-- Opening Marker --

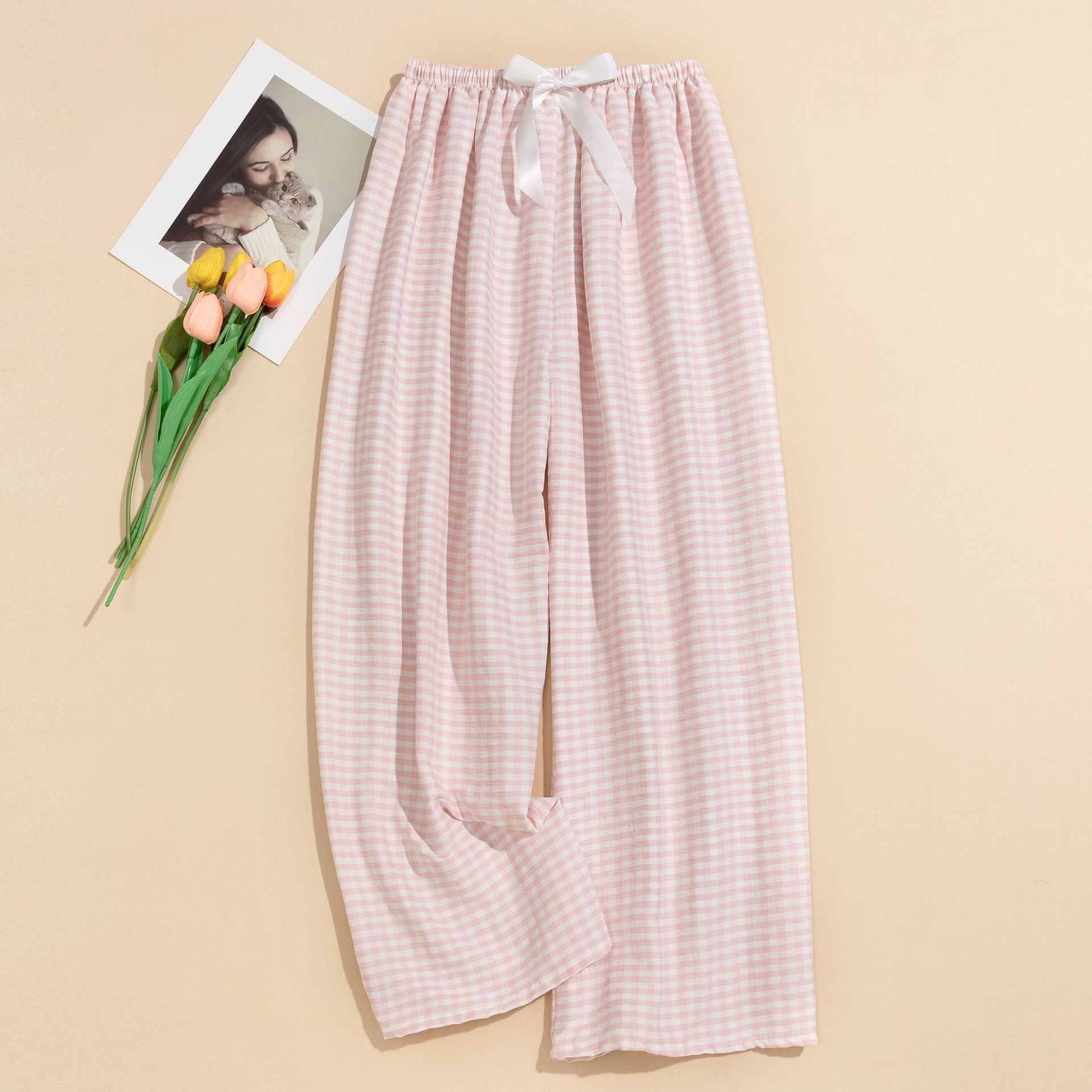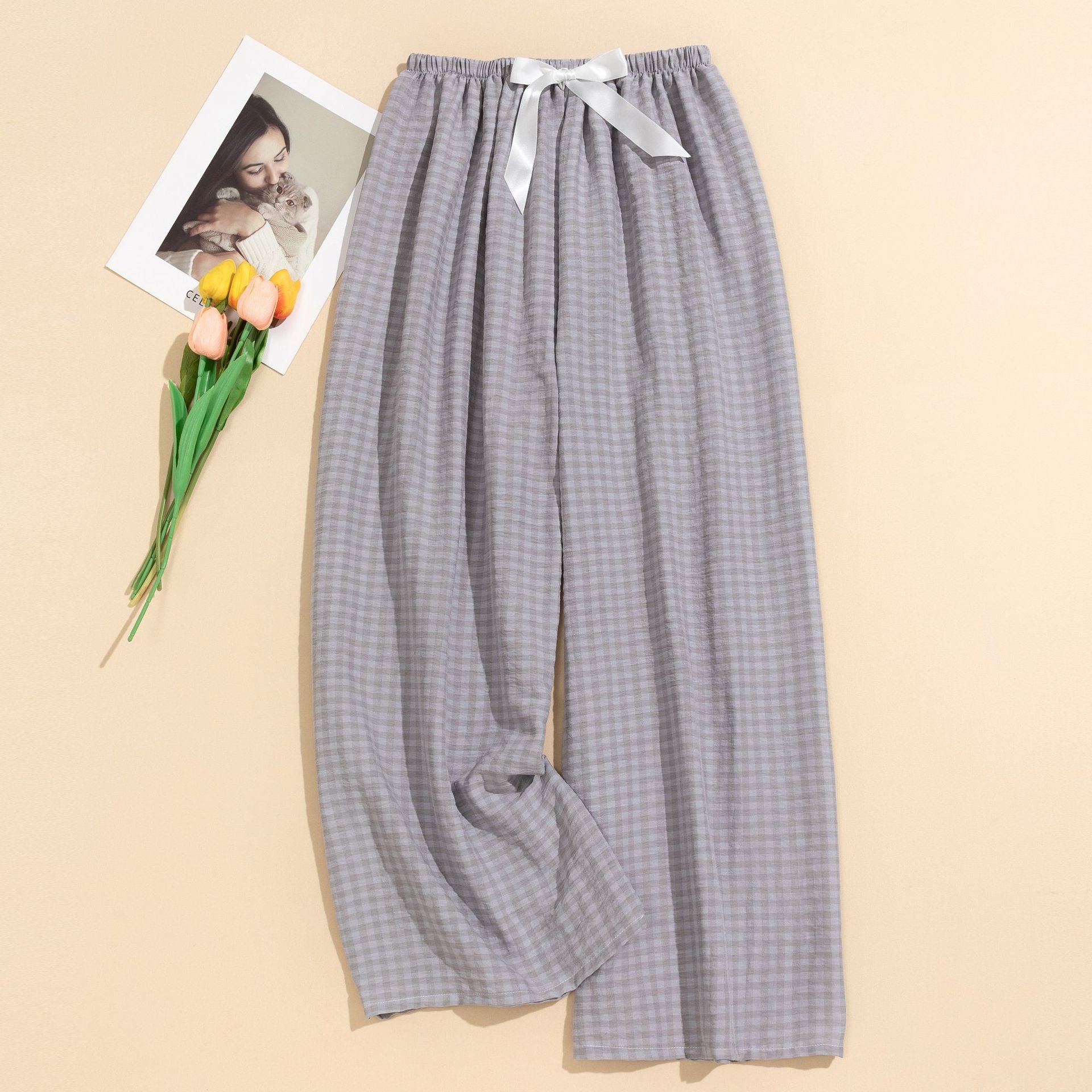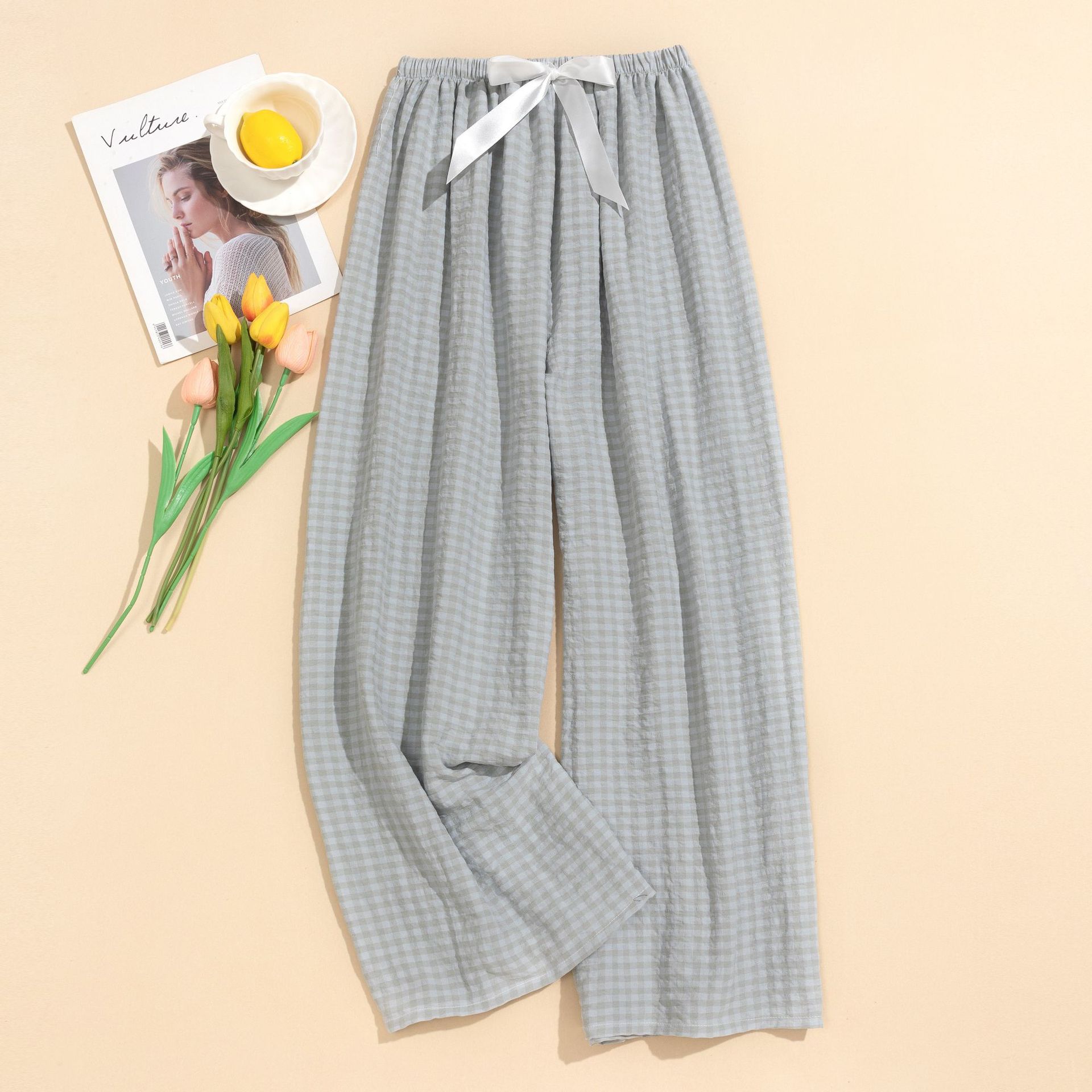 Пижамные штаны из облачного хлопка, женские, новый стиль, клетчатые домашние штаны, пряжа окрашенная, широкие брюки, большие размеры
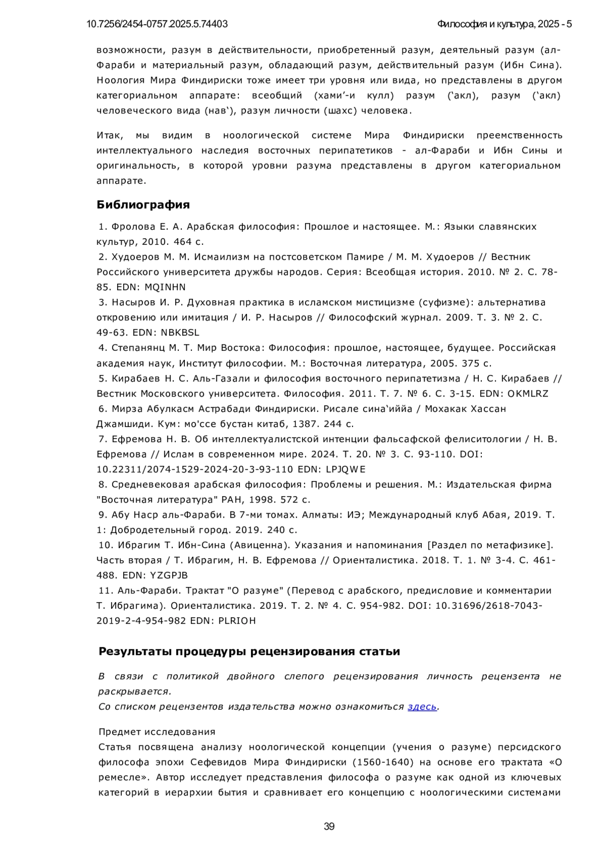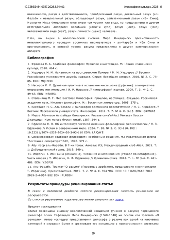 7. Ефремова Н. В. Об интеллектуалистской интенции фальсафской фелиситологии / Н. В. Ефремова // Ислам в современном мире. 2024. Т. 20. № 3. С. 93-110. DOI: 10.22311/2074-1529-2024-20-3-93-110
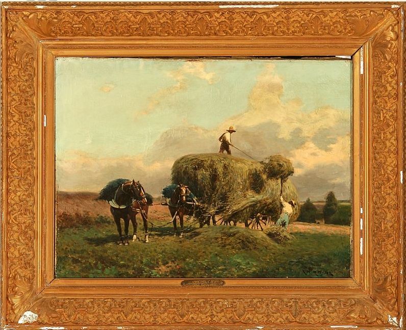 R V Meunier ( - ) is a painter. R V Meunier s works have been auctioned off multiple times, with realized prices varying according to the size and medium of the artwork, for instance of 423.6 USD for Two grooms stack grass on a horse carriage. in 2010
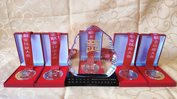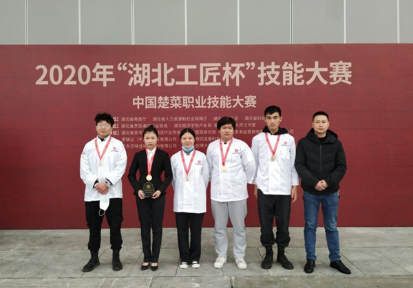 为叫响楚菜品牌、融合产业发展,2020年12月2日至3日,“湖北工匠杯”技能大赛——中国楚菜职业技能大赛在武汉国际博览中心落下帷幕。beat365英国官方网站(以下简称为“黄冈职院”)商学院烹调工艺与营养专业、酒店管理专业5名学生代表黄冈市同来自全省17个地市州的500余名选手同台竞技。最终,黄冈职院代表队荣获团体特金奖,酒店201901班夏沾获中餐宴会服务特金奖,烹饪201901班陈满、余毅、李一鸣分获中式面点、中式烹调、冷拼雕刻金奖各1项,烹饪202001班吴浩霖获中式烹调金奖。同时,黄冈职院张彬技能大师工作室制作的黄冈地标优品美食宴在楚菜博览会上展示。
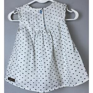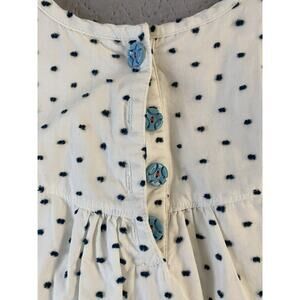 Matilda Jane Small Boutique sizing Sz 8 Raised Dot Wht Ruffle Ctn Lined Embellished Aqua Buttons. No holes, tears or stains
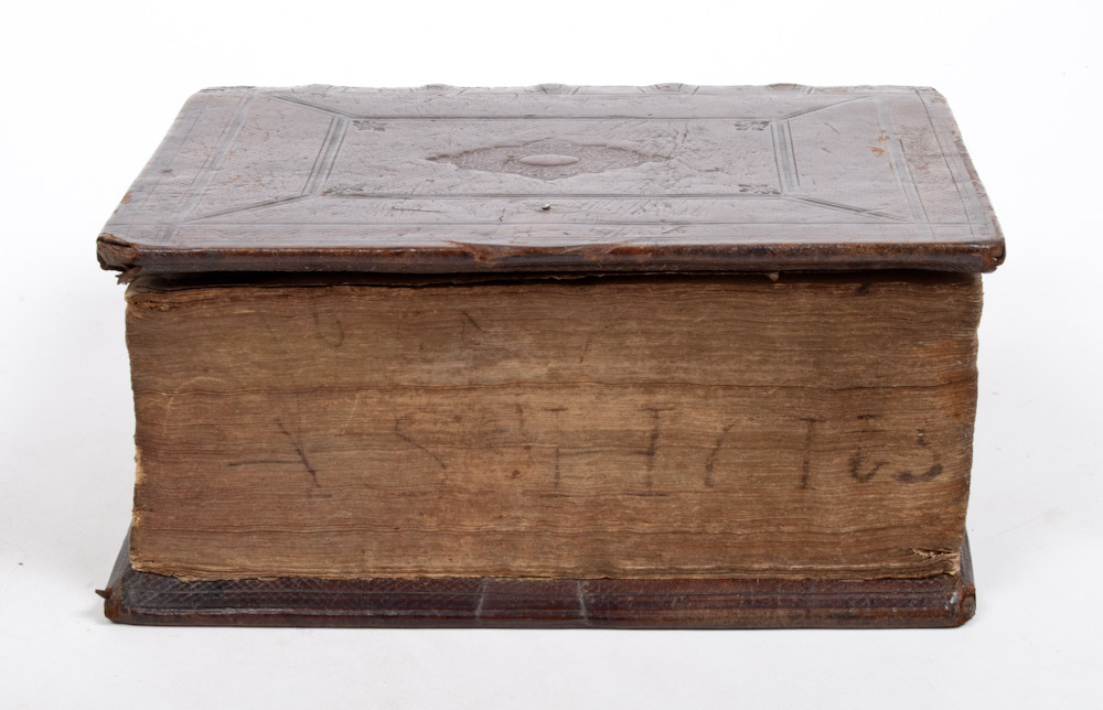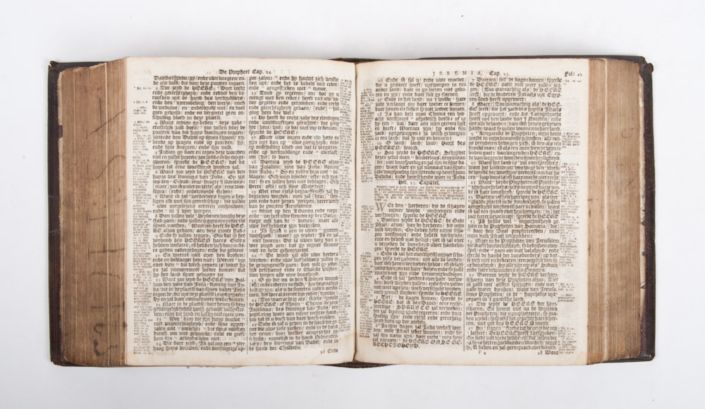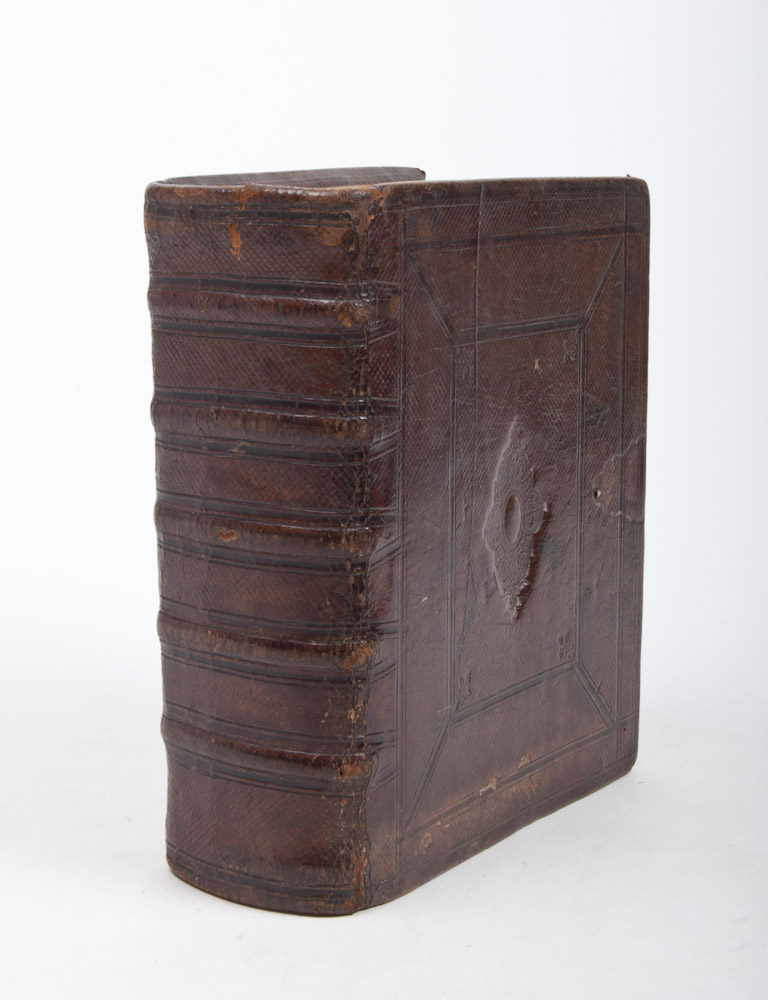 Bound in leather, clasp missing, inlaid ornaments. Copper engraving on frontispiece. (20) 329 pp + 125 pp + 149 pp + (4) 81 pp (34), light waterstain on first pages and light indent on top binding (see picture). Canonijke boeken, Capittelen, ende Folien des Ouden ende des Nieuwe Testaments; De Boeken der Propheten; de Boeken des Nieuwen Testaments. Psalter in back.
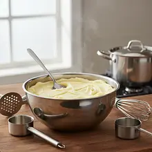 W czasie, gdy kaczka się piecze, przygotuj kluski. Ziemniaki obierz, umyj i ugotuj w osolonej wodzie do absolutnej miękkości - powinny się rozpadać po dotknięciu widelcem. Odcedź je bardzo dokładnie i od razu, jeszcze gorące, przeciśnij przez praskę do ziemniaków lub dokładnie utłucz tłuczkiem. Masa musi być idealnie gładka, bez żadnych grudek.

-- Closing Marker --

Exercise objective: Pictures excluded, give again exactly and only the lines of the material above from the line with "Matilda Jane Small" through the line with "Bound in leather, clasp".

Solution:
 Matilda Jane Small Boutique sizing Sz 8 Raised Dot Wht Ruffle Ctn Lined Embellished Aqua Buttons. No holes, tears or stains
 Bound in leather, clasp missing, inlaid ornaments. Copper engraving on frontispiece. (20) 329 pp + 125 pp + 149 pp + (4) 81 pp (34), light waterstain on first pages and light indent on top binding (see picture). Canonijke boeken, Capittelen, ende Folien des Ouden ende des Nieuwe Testaments; De Boeken der Propheten; de Boeken des Nieuwen Testaments. Psalter in back.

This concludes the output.